PROMPT:
Your task is to retype, word for word, the lines from the start of the data through the line holding "出现以下提示则通信成功,分别测试与另外三台主机的通信。". Do not include the pictures.

INFORMATION PROVIDED:
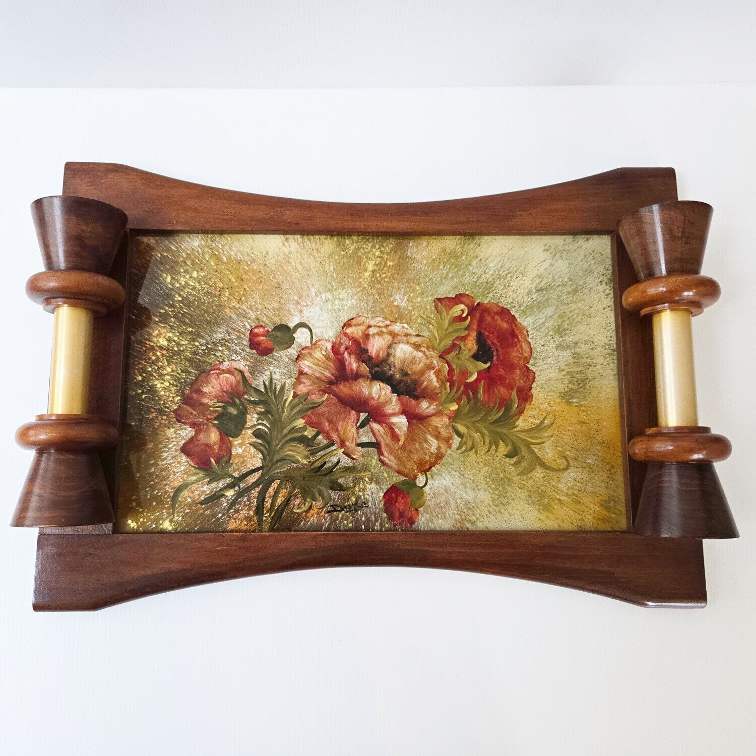PLATEAU ART DECO VINTAGE 1940 EN BOIS VERNIS & LAITON A DECOR DE PIVOINES DOPE
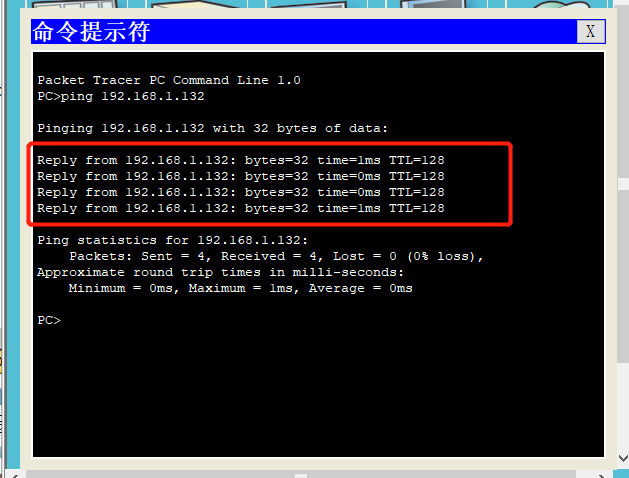 出现以下提示则通信成功,分别测试与另外三台主机的通信。
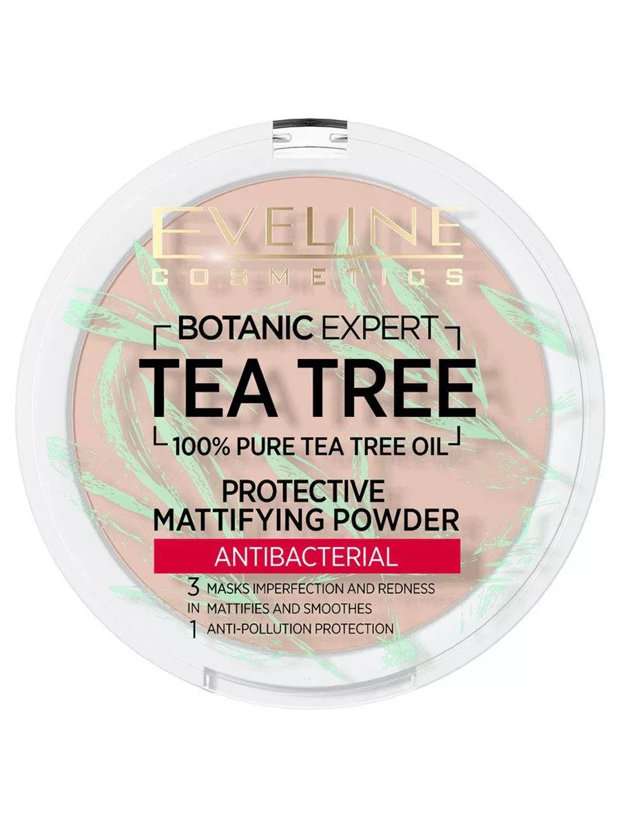 Eveline Cosmetics пудра для лица слоновая кость Botanic Expert, тон 002 ivory. Матирующая Антибактериальная пудра TEA TREE эффективно маскирует несовершенства кожи, фиксирует макияж, помогает абсорбировать излишки кожного жира и оказывает защитное, антибактериальное и противовоспалительное действие благодаря маслу чайного дерева, минеральной глине и экстракту зеленого чая в ее составе. Матирующая пудра Tea Tree не подчеркивает шелушения на коже, не забивает поры, а также позволяет коже дышать. пудра для лица эвелин подойдет для всех типов кожи, в особенности - жирной и комбинированной. Также позволяет создать матовый финиш без эффекта маски. пудра для лица для жирной кожи легко наносится и равномерно распределяется по коже, обеспечивая идеальное покрытие. Пудра для лица матирующая это идеальный инструмент для создания безупречного макияжа, который подчеркнет вашу красоту и уникальность. Декоративная косметика Эвелин пользуется популярностью среди визажистов, а также обычных женщин, стремящихся к идеальному макияжу. Пудра для лица компактная станет отличным дополнением в вашей косметичке, особенно если вы планируете создавать вечерние образы или дневной макияж. Пудра для лица матовая прекрасно маскирует несовершенства кожи, скрывает поры и мелкие морщинки, делая кожу матовой и бархатистой. Если вы хотите порадовать себя или своих близких на праздники, такие как Новый год, 8 Марта, День рождения или День святого Валентина подарите бьюти бокс. Вы можете собрать подарочный набор от Eveline и положить в него декоративную косметику Эвелин, например, тушь для ресниц, основу под макияж, тональный крем для лица, тени для век, гель для бровей, блеск для губ и, конечно же, пудра для лица матирующая компактная Эвелин. Такой подарок придется по душе маме, дочке, сестре, коллеге, подруге или любой другой женщине, которая заботится о своей красоте и хочет выглядеть безупречно каждый день. С Eveline Cosmetics пудра для макияжа вы сможете создать любой образ.

WRITTEN RESPONSE:
PLATEAU ART DECO VINTAGE 1940 EN BOIS VERNIS & LAITON A DECOR DE PIVOINES DOPE
 出现以下提示则通信成功,分别测试与另外三台主机的通信。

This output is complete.